Material provided:
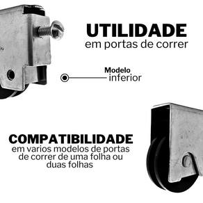 Roldana compatível com a grande maioria das portas de correr de uma ou duas folhas: Machado, Ramassol, Gerotto, CRV, Ferreira, Brasil , Aço Forte etc
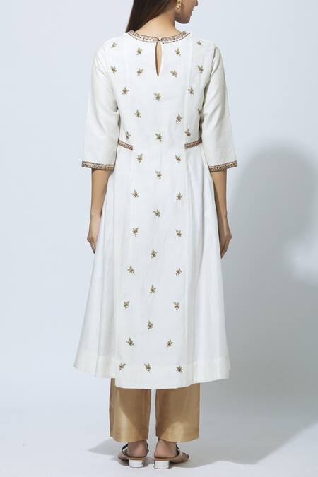 Buy_Virtuoso By Mekha And Anurag_White Chanderi Round Kurta With Dupatta_Online_at_Aza_Fashions
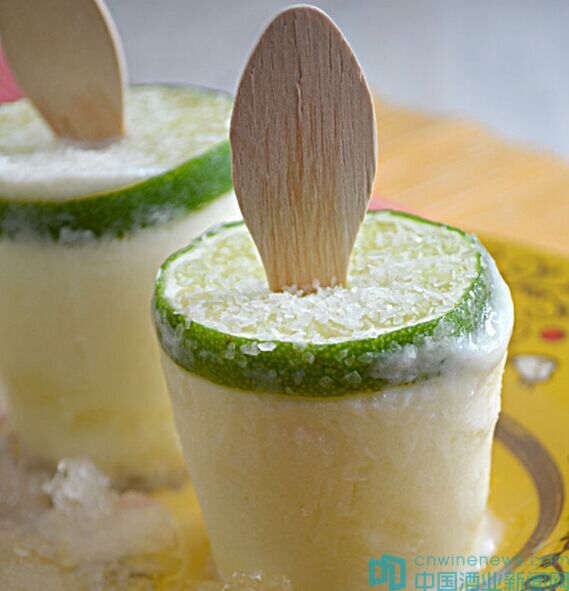 將青檸汁、煉乳、水和龍舌蘭酒混合均勻后倒入合適的冰格里,撒上少許鹽,把用小棍穿過切好的青檸切片輕輕放在液體上面,冷凍一夜。
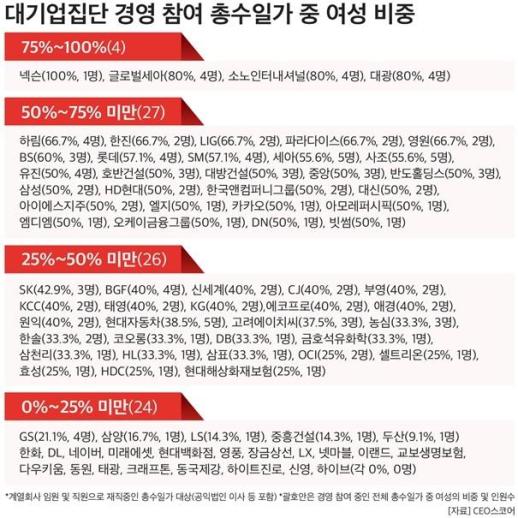 대기업 총수일가 여성 경영 참여 비중 37%… 자녀 세대서 늘어
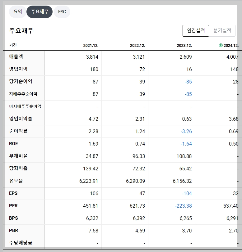 - 매출액: 2024년 예상 4,007억 원
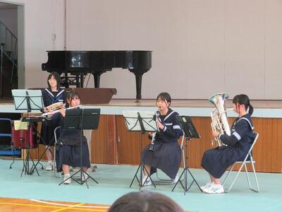 ☆12月9日(土)、体育館で吹奏楽アンサンブルコンテストに向けてのお披露目会が開かれました。3年生引退からこれまで、練習を重ねてきた5チームの演奏が披露されました。保護者のみなさま、先生方をはじめ、引退した3年生もかけつけてくれました。心癒やされる昼のひととき、とても温かな雰囲気に包まれてのお披露目会でした。
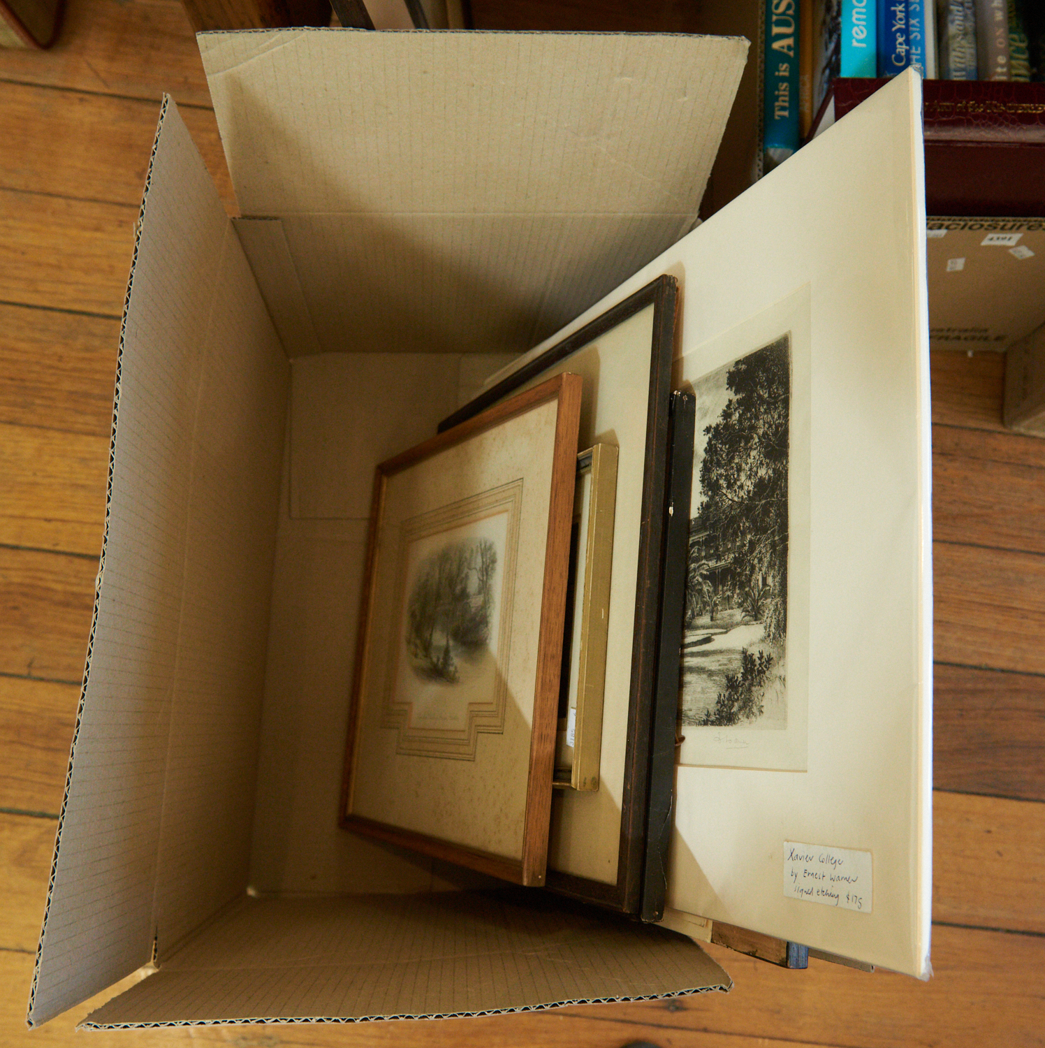 A BOX OF AUSTRALIAN ETCHINGS, LEONARD JOEL LOCAL DELIVERY SIZE: SMALL
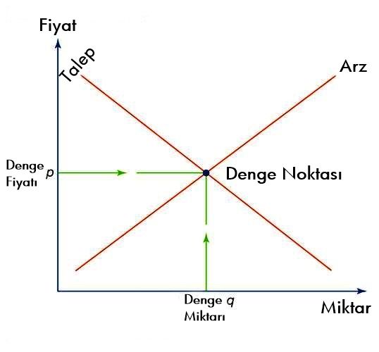 Yukarı doğru eğimli arz eğrisi ve aşağı doğru eğimli talep eğrisi ile, bir noktada ikisinin kesişeceğini görselleştirmek aslında kolaydır. Bu noktada piyasa fiyatı, tedarikçileri tüketicilerin bu fiyattan ödeme yapmak istemelerine ve aynı miktardaki ürünü piyasaya sürmeye teşvik etmede yeterlidir. Yani arz ve talep dengelidir.
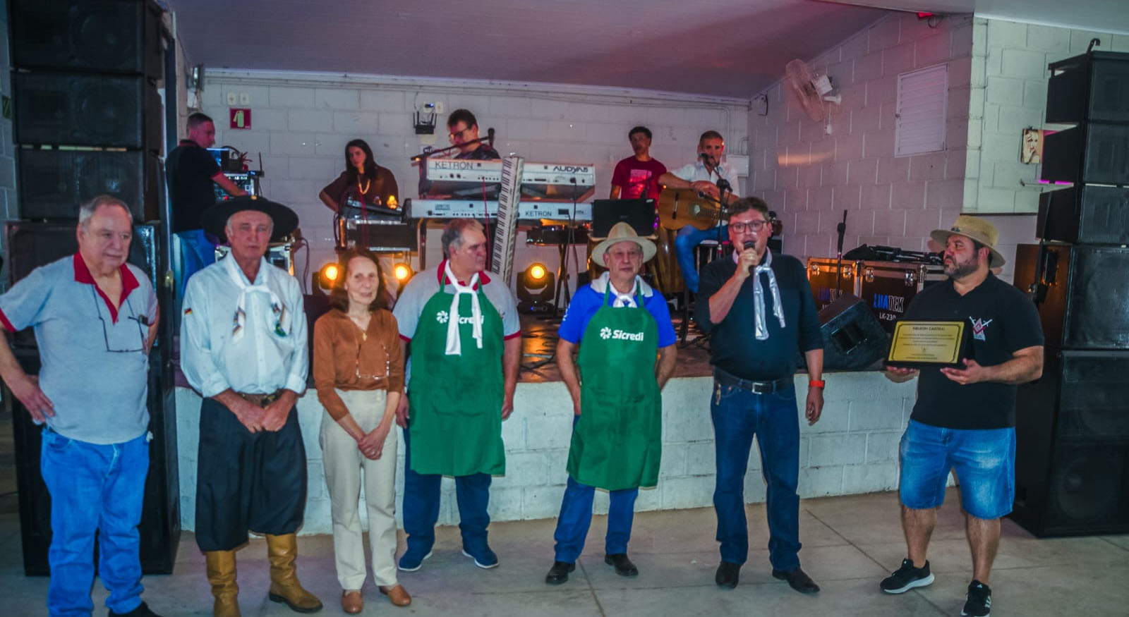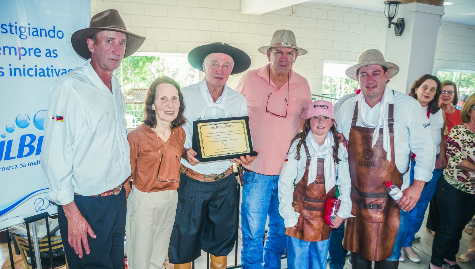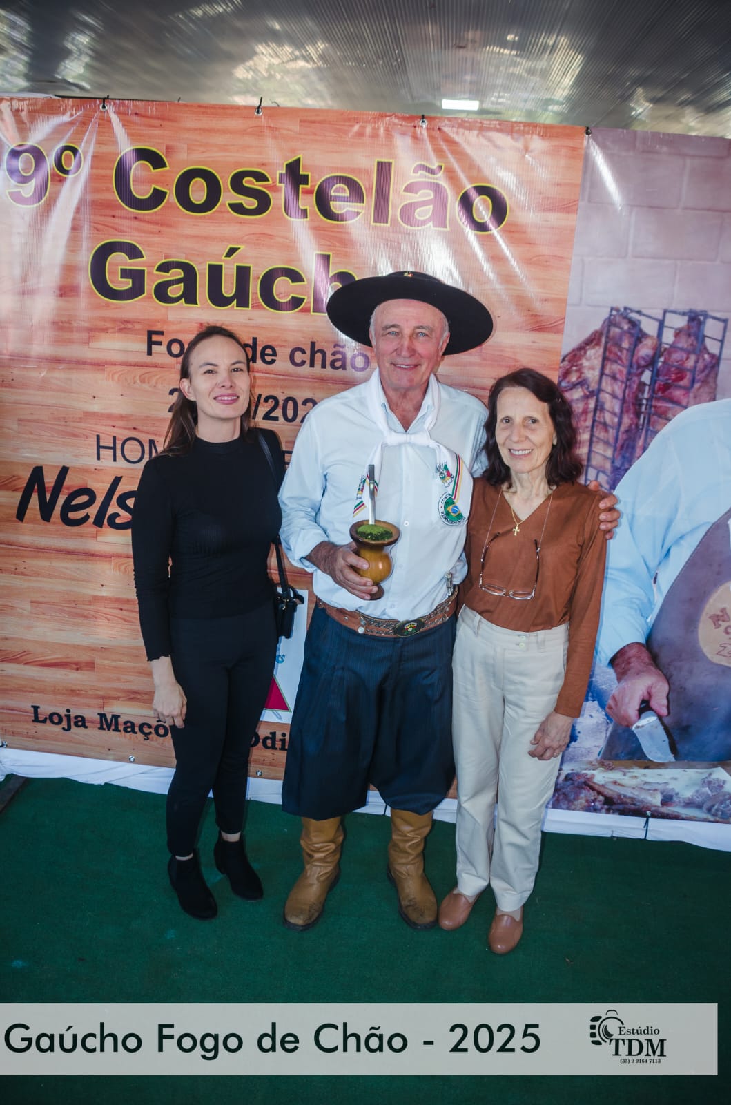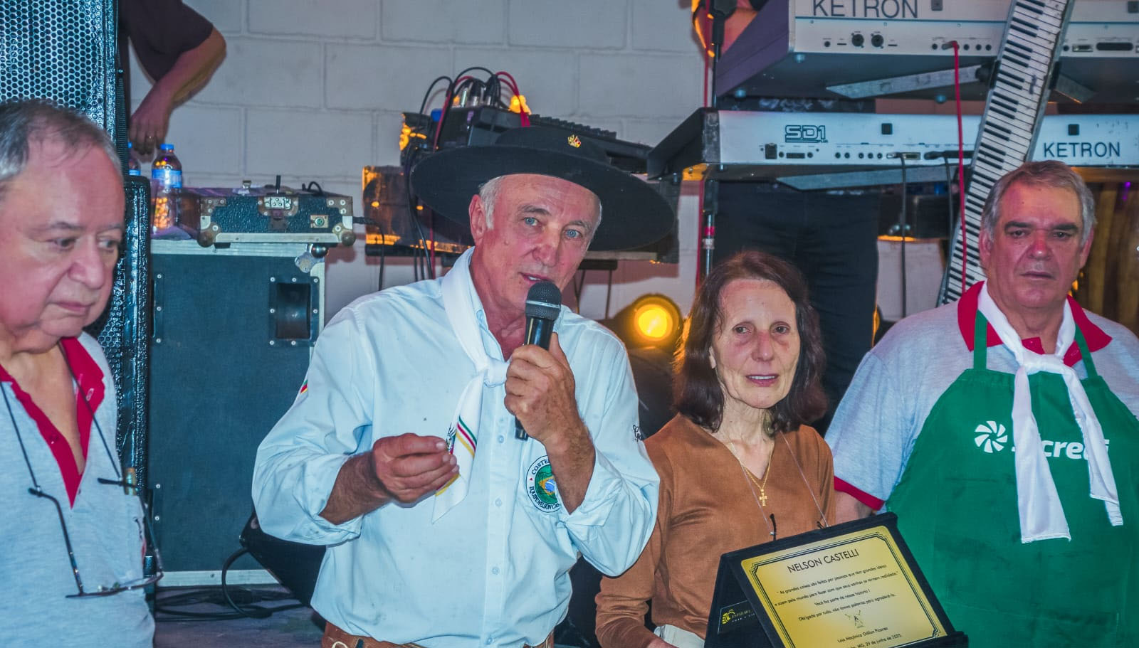 Momento especial e emocionante foi a homenagem prestada ao Sr. Nelson Castelli (na presença de esposa e filha), com banner personalizado e placa entregue pelos irmãos José Amélio Miranda, Luis Geraldo de Carvalho, Fernando A. M. da Costa e Rodrigo Máximo. Emocionado, o Sr. Nelson discursou aos presentes, falando sobre a importância do Costelão e valorizando o trabalho da Maçonaria. Por fim, dançou uma música típica gaúcha nos braços da esposa e ao som de música interpretada por Nenem Canabrava.

Problem:
Exactly repeat the material from its first line through the line with "Yukarı doğru eğimli", including both, and leave the pictures and everything else out.

Reply:
 Roldana compatível com a grande maioria das portas de correr de uma ou duas folhas: Machado, Ramassol, Gerotto, CRV, Ferreira, Brasil , Aço Forte etc
 Buy_Virtuoso By Mekha And Anurag_White Chanderi Round Kurta With Dupatta_Online_at_Aza_Fashions
 將青檸汁、煉乳、水和龍舌蘭酒混合均勻后倒入合適的冰格里,撒上少許鹽,把用小棍穿過切好的青檸切片輕輕放在液體上面,冷凍一夜。
 대기업 총수일가 여성 경영 참여 비중 37%… 자녀 세대서 늘어
 - 매출액: 2024년 예상 4,007억 원
 ☆12月9日(土)、体育館で吹奏楽アンサンブルコンテストに向けてのお披露目会が開かれました。3年生引退からこれまで、練習を重ねてきた5チームの演奏が披露されました。保護者のみなさま、先生方をはじめ、引退した3年生もかけつけてくれました。心癒やされる昼のひととき、とても温かな雰囲気に包まれてのお披露目会でした。
 A BOX OF AUSTRALIAN ETCHINGS, LEONARD JOEL LOCAL DELIVERY SIZE: SMALL
 Yukarı doğru eğimli arz eğrisi ve aşağı doğru eğimli talep eğrisi ile, bir noktada ikisinin kesişeceğini görselleştirmek aslında kolaydır. Bu noktada piyasa fiyatı, tedarikçileri tüketicilerin bu fiyattan ödeme yapmak istemelerine ve aynı miktardaki ürünü piyasaya sürmeye teşvik etmede yeterlidir. Yani arz ve talep dengelidir.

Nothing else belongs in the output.